Where the records below reach the line containing "This phone case", start transcribing, and end with the line containing "This paper analyzes", exactly and with nothing else added.

* Data for this task *
☆ ☆ ☆ ☆ ☆

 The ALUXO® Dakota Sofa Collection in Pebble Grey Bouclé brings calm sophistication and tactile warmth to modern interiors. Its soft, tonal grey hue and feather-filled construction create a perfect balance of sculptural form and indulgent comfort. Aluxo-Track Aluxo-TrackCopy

☆ ☆ ☆ ☆ ☆

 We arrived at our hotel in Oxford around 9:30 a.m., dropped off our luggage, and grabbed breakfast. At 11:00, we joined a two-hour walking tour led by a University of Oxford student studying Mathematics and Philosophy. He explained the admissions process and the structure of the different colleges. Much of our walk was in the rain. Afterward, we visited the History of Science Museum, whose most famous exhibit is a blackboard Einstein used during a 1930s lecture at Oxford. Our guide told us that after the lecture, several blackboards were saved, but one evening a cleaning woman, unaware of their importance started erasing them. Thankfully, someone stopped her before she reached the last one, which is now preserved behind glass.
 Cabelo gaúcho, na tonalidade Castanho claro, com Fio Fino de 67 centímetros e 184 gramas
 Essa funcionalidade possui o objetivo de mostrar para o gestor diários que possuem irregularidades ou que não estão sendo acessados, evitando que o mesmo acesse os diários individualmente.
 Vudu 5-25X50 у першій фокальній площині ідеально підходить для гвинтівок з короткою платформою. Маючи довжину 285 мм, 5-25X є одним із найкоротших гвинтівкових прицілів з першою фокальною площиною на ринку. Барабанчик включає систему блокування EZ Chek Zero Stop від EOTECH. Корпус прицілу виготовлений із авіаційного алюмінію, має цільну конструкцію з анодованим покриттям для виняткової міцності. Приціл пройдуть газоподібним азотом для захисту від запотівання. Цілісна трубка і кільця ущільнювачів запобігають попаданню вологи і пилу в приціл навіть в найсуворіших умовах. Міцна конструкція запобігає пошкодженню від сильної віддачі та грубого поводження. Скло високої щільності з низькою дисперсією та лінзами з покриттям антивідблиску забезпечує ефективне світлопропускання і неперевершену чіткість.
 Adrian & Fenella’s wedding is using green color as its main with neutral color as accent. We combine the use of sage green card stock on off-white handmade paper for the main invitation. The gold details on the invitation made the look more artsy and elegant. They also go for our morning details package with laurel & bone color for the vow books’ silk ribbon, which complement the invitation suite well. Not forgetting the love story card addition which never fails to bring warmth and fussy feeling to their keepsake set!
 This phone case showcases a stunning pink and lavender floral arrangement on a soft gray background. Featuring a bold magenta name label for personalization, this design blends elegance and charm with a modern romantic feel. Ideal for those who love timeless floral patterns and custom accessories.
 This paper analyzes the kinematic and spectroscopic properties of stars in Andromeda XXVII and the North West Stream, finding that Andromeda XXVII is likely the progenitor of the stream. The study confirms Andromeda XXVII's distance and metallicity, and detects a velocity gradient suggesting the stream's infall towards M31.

☆ ☆ ☆ ☆ ☆

* Response below *
 This phone case showcases a stunning pink and lavender floral arrangement on a soft gray background. Featuring a bold magenta name label for personalization, this design blends elegance and charm with a modern romantic feel. Ideal for those who love timeless floral patterns and custom accessories.
 This paper analyzes the kinematic and spectroscopic properties of stars in Andromeda XXVII and the North West Stream, finding that Andromeda XXVII is likely the progenitor of the stream. The study confirms Andromeda XXVII's distance and metallicity, and detects a velocity gradient suggesting the stream's infall towards M31.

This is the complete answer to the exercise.